# [INSTRUCTIONS TO FOLLOW]
Word for word, retype the lines from the one containing "of December 2006." to the one containing "Metal Tree of" below, keeping both end lines and dropping the pictures.

# [EXTRACTED RECORDS]

····················

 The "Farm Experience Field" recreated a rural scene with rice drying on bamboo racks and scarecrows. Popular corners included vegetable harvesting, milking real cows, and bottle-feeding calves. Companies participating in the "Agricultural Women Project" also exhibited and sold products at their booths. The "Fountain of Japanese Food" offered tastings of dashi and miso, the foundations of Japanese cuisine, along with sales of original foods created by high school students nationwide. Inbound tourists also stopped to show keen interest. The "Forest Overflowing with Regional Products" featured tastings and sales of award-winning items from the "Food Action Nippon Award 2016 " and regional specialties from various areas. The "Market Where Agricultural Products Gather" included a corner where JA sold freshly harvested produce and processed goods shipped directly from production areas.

····················

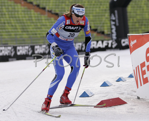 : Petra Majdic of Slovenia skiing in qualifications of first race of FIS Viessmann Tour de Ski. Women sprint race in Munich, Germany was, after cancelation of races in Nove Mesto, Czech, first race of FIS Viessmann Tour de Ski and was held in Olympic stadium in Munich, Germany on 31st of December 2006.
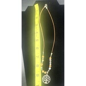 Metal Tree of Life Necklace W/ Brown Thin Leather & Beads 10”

····················

# [COMPLETED TASK]
 : Petra Majdic of Slovenia skiing in qualifications of first race of FIS Viessmann Tour de Ski. Women sprint race in Munich, Germany was, after cancelation of races in Nove Mesto, Czech, first race of FIS Viessmann Tour de Ski and was held in Olympic stadium in Munich, Germany on 31st of December 2006.
 Metal Tree of Life Necklace W/ Brown Thin Leather & Beads 10”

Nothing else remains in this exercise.